Adibi-Sadeh v. Bee County College, 454 F. Supp. 552 (S.D. Tex. 1978)
May 2, 1978
BEE COUNTY COLLEGE et al.
United States District Court, S. D. Texas, Corpus Christi Division.
*553 Sauer & Hormachea, Nancy Hormachea, Houston, Tex., for plaintiffs.
Kleberg & Weil, Lev Hunt, Corpus Christi, Tex., Handly & Williams, Marion E. Williams, Jr., Beeville, Tex., for defendants.
MEMORANDUM AND ORDER
OWEN D. COX, District Judge.
On March 23, 1978, the Plaintiff, Khodadad Adibi-Sadeh, filed this lawsuit individually and on behalf of all others similarly situated seeking to enjoin Bee County College and the other Defendants from continuing to conduct disciplinary proceedings against them at the college.
The application of the originally named Plaintiff, Adibi-Sadeh, for temporary restraining order was denied on March 23, 1978. Thereafter, a hearing on the preliminary injunction was commenced on April 6, 1978. On April 7, 1978, the Court, without objection from any of the parties, consolidated the trial on the merits with the hearing on the preliminary injunction, pursuant *554 to Rule 65(a) (2), Federal Rules of Civil Procedure. Then, the trial was recessed until the 13th day of April, 1978. On that date the Court certified the Plaintiffs' class in accordance with Rule 23(c), Federal Rules of Civil Procedure, and identified the class as ninety (90) Iranian students arrested in the gymnasium at Bee County College on the 9th day of March, 1978, and who thereafter went before the college disciplinary committee and were either dismissed from school or otherwise punished.
Whereupon the Court proceeded with the trial on the merits. The transcript of the taped testimony of certain Plaintiffs given during the administrative proceedings before the appropriate Defendants was admitted in evidence. At the conclusion of the evidence presented before this Court, the parties rested. The Court then announced that it would take the case under advisement.
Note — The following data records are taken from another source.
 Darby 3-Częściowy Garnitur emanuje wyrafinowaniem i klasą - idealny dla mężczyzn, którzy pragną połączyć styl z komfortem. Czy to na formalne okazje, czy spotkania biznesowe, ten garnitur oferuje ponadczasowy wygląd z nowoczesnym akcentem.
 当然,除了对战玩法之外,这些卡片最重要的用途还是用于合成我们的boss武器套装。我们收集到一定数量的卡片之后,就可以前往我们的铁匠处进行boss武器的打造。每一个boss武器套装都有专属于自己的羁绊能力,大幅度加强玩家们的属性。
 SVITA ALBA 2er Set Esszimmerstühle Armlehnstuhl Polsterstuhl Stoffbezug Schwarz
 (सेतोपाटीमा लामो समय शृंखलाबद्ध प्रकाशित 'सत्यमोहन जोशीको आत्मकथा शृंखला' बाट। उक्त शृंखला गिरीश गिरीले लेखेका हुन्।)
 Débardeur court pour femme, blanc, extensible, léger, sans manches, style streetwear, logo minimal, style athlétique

The purpose of this memorandum is to set forth the Court's findings of fact and conclusions of law herein.
Findings of Fact
1. The Plaintiffs, who have been designated as a class, are enrolled as students at Bee County College, Beeville, Texas. They were lawfully admitted to the United States with non-immigrant student visas issued by the Immigration and Naturalization Service of the United States Department of Justice.
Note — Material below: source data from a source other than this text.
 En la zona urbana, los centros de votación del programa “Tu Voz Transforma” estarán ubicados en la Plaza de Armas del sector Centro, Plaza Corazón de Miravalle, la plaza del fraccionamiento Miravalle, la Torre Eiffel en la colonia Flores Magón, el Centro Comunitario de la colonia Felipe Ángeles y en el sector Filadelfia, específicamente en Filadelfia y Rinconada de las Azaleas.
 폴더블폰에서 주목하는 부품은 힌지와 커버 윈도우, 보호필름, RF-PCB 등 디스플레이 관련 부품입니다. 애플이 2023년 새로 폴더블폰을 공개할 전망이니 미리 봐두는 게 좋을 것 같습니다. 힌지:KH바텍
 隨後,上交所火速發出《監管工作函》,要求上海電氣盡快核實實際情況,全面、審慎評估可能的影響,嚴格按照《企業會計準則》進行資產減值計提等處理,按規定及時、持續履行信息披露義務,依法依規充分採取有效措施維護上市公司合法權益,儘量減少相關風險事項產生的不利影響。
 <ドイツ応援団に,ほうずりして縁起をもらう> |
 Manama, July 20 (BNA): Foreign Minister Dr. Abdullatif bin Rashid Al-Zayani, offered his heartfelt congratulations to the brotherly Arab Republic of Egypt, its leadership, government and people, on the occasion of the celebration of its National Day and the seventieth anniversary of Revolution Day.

2. Bee County College (hereinafter referred to as BCC) is a state-supported junior college located in Beeville, Bee County, Texas. It has an enrollment of approximately 2100 students who pursue various vocational and technical programs. Approximately ten percent (10%) of the student body are Iranian citizens. The sole purpose of BCC is to offer educational opportunities to the students enrolled there.
3. Sometime prior to March 7, 1978, Grady Hogue, President of BCC, began receiving complaints about the Iranian students enrolled in the college. The complaints came from local police and postal authorities, local citizens and businessmen, various college administrators and teachers, and non-Iranian students at BCC.
4. The complaints alleged failure to pay rent, bad checks, unauthorized phone calls to Iran on college telephones, unlawful filling of private mailboxes with the Iranian Student Association newspaper Resistance, intimidation of non-Iranian students by Iranian students, and cheating on college examinations.
5. On March 7, 1978, Grady Hogue notified one of the Iranian students, Mr. Afzali, that he wanted to talk with all of the Iranian students about the complaints he had received. Mr. Hogue had Mr. Afzali prepare notices written in the Persian language (the students' native language) to the effect that the Iranian students were to meet with Mr. Hogue in the BCC gymnasium on March 9, 1978, at 11:30 a. m. The notices were posted and the meeting was held as scheduled.
6. Approximately one hundred (100) Iranian students and ten (10) Iranian non-students attended the meeting. They were seated in bleachers on the floor of the gymnasium. Mr. Hogue explained to the students that he had received numerous complaints about their behavior, and that their behavior was creating a bad image not only for themselves but also for BCC. He asked them to try to determine among themselves who was creating the problems and then put a stop to it.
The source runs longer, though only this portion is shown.